This is a topic that always comes up. I may not have the right answer, but I can give you my personal opinion.

The reason that they are supported, can be attributed to several characteristics about them, so let me mention a few.

  • First, there is a spec. I mean, I am in my early thirties and this thing existed since I was a teenager. So it is safe to say that this spec has been around for some time. Of course, there are several other formats that are also published, but the difference about this one is that...

  • It is relatively simple! It is built on top of the DBF Format, which at the time already existed and was widely supported in several platforms/OSs. There were already parsers that could read half of this format (the DBF part), so it made supporting the extra addition easier. You have a geometry? Sure just serialize it and write it. You are done. Contrast this with a coverage! Try to explain to somebody in simple terms what a topology clean does. It is not trivial to write a topologically clean coverage.
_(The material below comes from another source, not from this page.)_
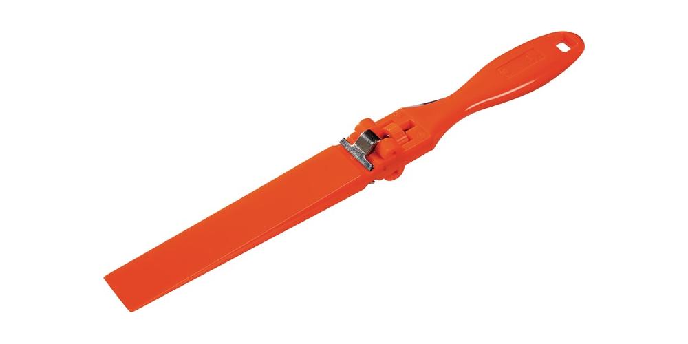 aus festem Kunstoff · mit keilförmiger Blattauflage und Schnellspannvorrichtung · schnelles, sicheres Spannen des Schleifbandes durch Halteklammer mit Klemmschraube · zum Aufspannen von Schleifleinen-Streifen der Länge 280 mm (Blattware bzw. Sparrollen) · besonders geeignet für alle Schleifarbeiten an schwer zugänglichen StellenAttribute

  • Most importantly, I think the #1 reason for shapefiles to still be popular is that they are supported in both Open Source and Proprietary systems alike. What GIS do you know that doesn't support shapefiles?!? Unheard of.

As a replacement, we hear of File GeoDatabases and Spatialite. Both formats, are vastly superior in terms of functionality, flexibility, speed, etc. when compared to Shapefiles. In their own way, they have certain things that make them better than each other in different areas, but a comparison of spatialite and FileGDB is certainly out of the scope of this question.
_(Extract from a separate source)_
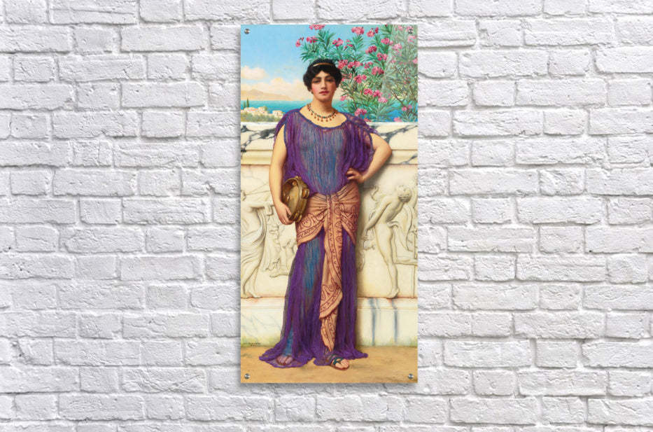 Add a touch of classical beauty to your home with our exquisite print of John William Godward's "The Tambourine Girl." This stunning painting, created in 1906, depicts a young girl in the style of ancient Greece, wearing a flowing pink robe and holding a tambourine.

Do I think that either of this formats will replace Shapefiles? Not in their current incarnations.

Why?

Not because of a technological argument (I did say they were superior in that aspect after all), but because of something else: licensing.
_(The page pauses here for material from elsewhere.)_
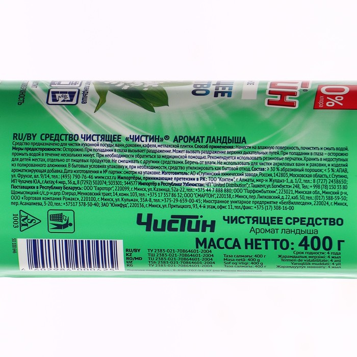 Способ применения: Нанести на влажную поверхность, почистить и смыть водой.

So what are their problems?

FileGDB:

FileGDB provides interoperability through the new FileGDB API. Nevertheless, this API is provided in binary format by ESRI. This is not a specification. Having worked in the GeoDatabase team in the past, I can tell you, contrary to all the tin-foil-hat-wearing conspiracy theorists, this is not malicious at all. It is because the internals of the GeoDatabase change on every release. Publishing a full spec would entail basically giving all the details of how everything is supposed to be maintained and then carefully documenting the changes to the format with every yearly release. It doesn't make sense. So the FileGDB API, even though it is not a spec, it abstracts out all those little changes. And now it can be used cross-platform! Mind you, this is a huge step forward! Considering the conservative nature of ESRI, this is definitely a reaction in the right direction.

And yet, binary-only support doesn't make anybody in the Open Source world too happy. How do you then take advantage of porting some code to say to some other flavor of Linux if ESRI doesn't support it. You can't. This is what makes Open Source powerful, and now, you cannot take advantage of this. If ESRI decides to stop supporting Debian, that's it. You are done. And there is nothing you can do to change it.

Spatialite:

Spatialite is awesome because it gets all the free functionality from SQLite. SQLite is used everywhere. It is on your Android Phone, on your iPhone/iPad, on Firefox, on Google Chrome, on several commercial embedded devices - can go on forever. To truly make it into a Geoformat (and not just do dumb bounding box operations), it needs to leverage the same geometry library that PostGIS uses: GEOS. Sadly, GEOS is based on another even more awesome geometry library known as JTS. All the algorithms in JTS are extremely powerful, so what is the problem?

Well, JTS is licensed as Open Source LGPL, and LGPL is a viral license. JTS is LGPL, means GEOS is LGPL, means spatialite linked statically with GEOS is LGPL. This sucks. Why? Without explaining open source licenses too much, I can tell you that, for example, I cannot use spatialite on, say, an iPhone app because that would make my entire app automatically open source (iOS only allows static linking). Any type of GPL license (reasonably) scares the crap out of ESRI, and so they will not touch it with a 10 foot pole. Hence, ArcGIS, the most popular GIS system in the world does not (and will probably never) support spatialite natively. This automatically kills it as a viable format.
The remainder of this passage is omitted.